Les enfants “pot de colle”

Gudwa Ashekar, le 4 décembre 2002. L’argent de la Banque mondiale coule à flot dans le pays. Les infrastructures paraissent neuves.

“Nous arrivons à Gudwa Ashekar un peu avant le crépuscule. Des signes avant-coureurs nous avaient fait présager le pire. Des enfants étaient partis en hurlant devant nous. Puis d’autres, et encore d’autres. Quand nous arrivons dans le village, c’est une émeute embusquée qui nous attend. Passé la seconde de panique, nous sommes absorbés et bousculés par cette foule bruyante qui redouble de “you, you, you”, “Franj, Faranj, Faranj” [Blancs, ndle], “Birr, birr, birr”.

Ils sont tirés d’affaire par le professeur de l’école, qui a tôt fait de disperser tout ce petit monde. Mais le lendemain matin, ça se gâte. La nuit ne les a pas calmés. À la sortie du village, un attroupement de gosses les suit bruyamment. Ils sont moqueurs et insolents.

“On les traîne sur cinq kilomètres. Une heure. Puis ils se lassent, le groupe se disperse, ouf !”

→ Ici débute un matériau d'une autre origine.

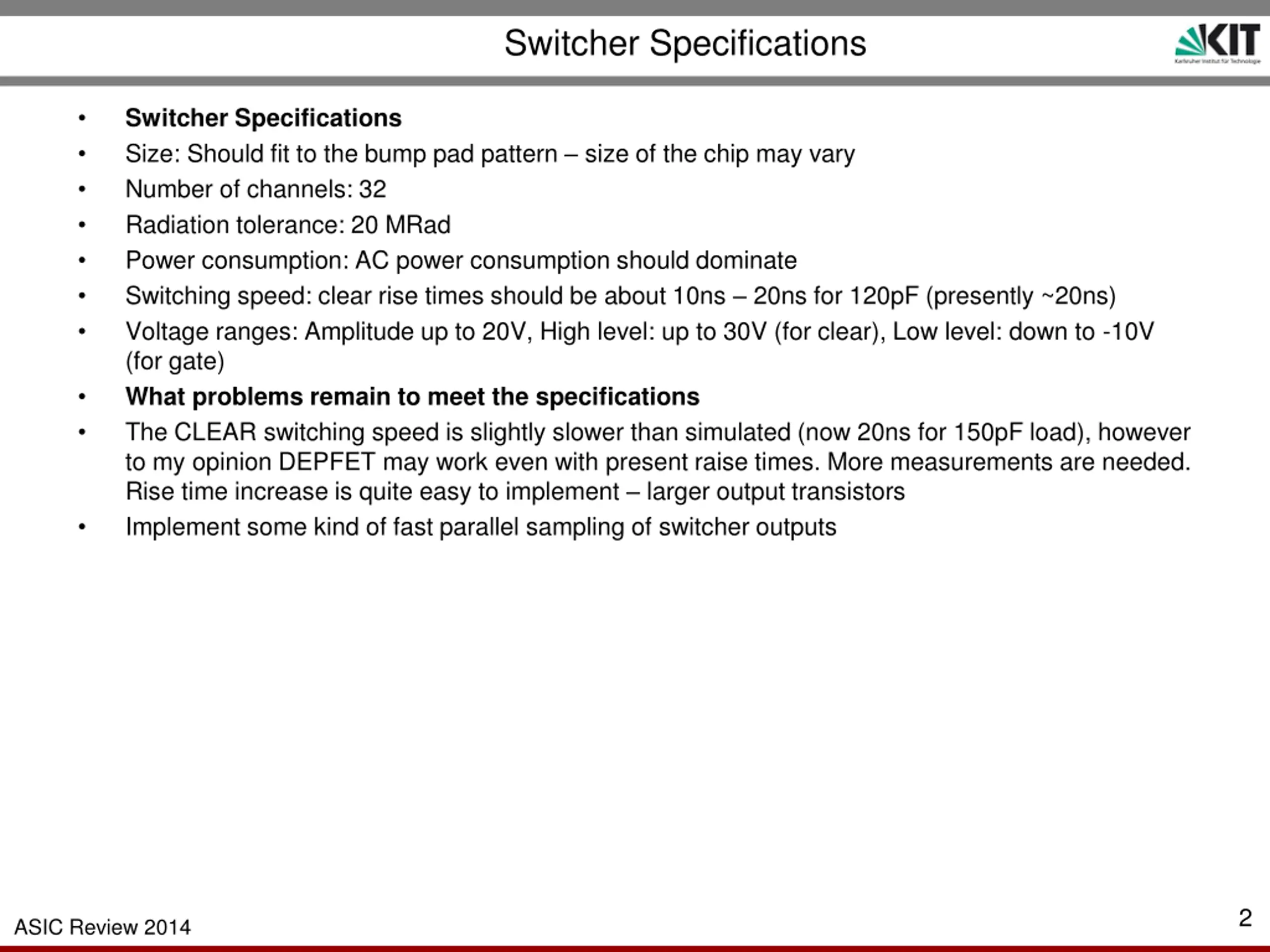 Switcher Specifications Switcher Specifications Size: Should fit to the bump pad pattern size of the chip may vary Number of channels: 32 Radiation tolerance: 20 MRad Power consumption: AC power consumption should dominate Switching speed: clear rise times should be about 10ns 20ns for 120pF (presently ~20ns) Voltage ranges: Amplitude up to 20V, High level: up to 30V (for clear), Low level: down to -10V (for gate) What problems remain to meet the specifications The CLEAR switching speed is slightly slower than simulated (now 20ns for 150pF load), however to my opinion DEPFET may work even with present raise times. More measurements are needed. Rise time increase is quite easy to implement larger output transistors Implement some kind of fast parallel sampling of switcher outputs 2 ASIC Review 2014

Mais le répit est de courte durée. Un autre groupe se reforme. “Toute résistance se retourne contre nous, ça devient un jeu, pour eux. Nous sommes excédés. Que faire ? Baisser la tête, serrer les dents et accélérer la cadence. Pas d’autre solution… C’est oublier que nous avons affaire à des Éthiopiens, célèbres marathoniens…Nous essayons alors la version lente, au pas mou et nonchalant, en traînant des pieds. Pas de problèmes, ils savent faire ça aussi. Quand nous nous arrêtons, ils s’arrêtent, quand je me retourne, ils font mine de fuir, puis reviennent de plus belle. Nous nous résignons. Il faut faire avec, il faut marcher avec. Après tout, nous sommes chez eux. On est moins convaincus quand retentissent les “faranj, faranj ! I kill you !” Charmants bambins…

La maison est cernée !

“Puis nous faisons le dos rond. Recevons sans réagir les quolibets, les perroquets, les “faranj”… C’est ainsi que nous recevons nos premières pierres. Oh ! Pas des pavés, pas même des galets, disons des graviers, mais sur la tête, sur le coude ou dans le creux du genou, ça ne laisse pas de marbre. C’est surtout à l’intérieur que ça blesse. Nous sommes impuissants… Ils prennent des cailloux de plus en plus gros qu’ils s’amusent à faire passer au-dessus de nos têtes. Nous sommes mal barrés… Nous arrivons à Zaba sur les dents. La même émeute que ce matin se constitue. Je commence à avoir peur pour Sonia. Un homme respectable semble s’indigner : nous allons droit vers lui, je lui demande de l’aide, il nous prend par la main et nous guide chez lui. Il est l’infirmier du village et s’appelle Serget. Bien mal lui a pris de nous porter secours, sa maison est cernée de toutes parts, il est contraint de nous barricader à l’intérieur. Les gamins semblent crier : “on va quand même pas laisser les faranj s’échapper comme ça ! Ils sont à nous !” Ici, on tente de défoncer la porte, là, une fenêtre vole en éclats sous une pierre. Sonia, terrorisée, fond en larmes. Dehors, les gamins s’égosillent : “Faranj ! faranj ! faranj !” des adultes viennent à la rescousse pour les chasser à grands coups de latte, mais ils reviennent par intermittence nous observer dans les interstices des planches disjointes.”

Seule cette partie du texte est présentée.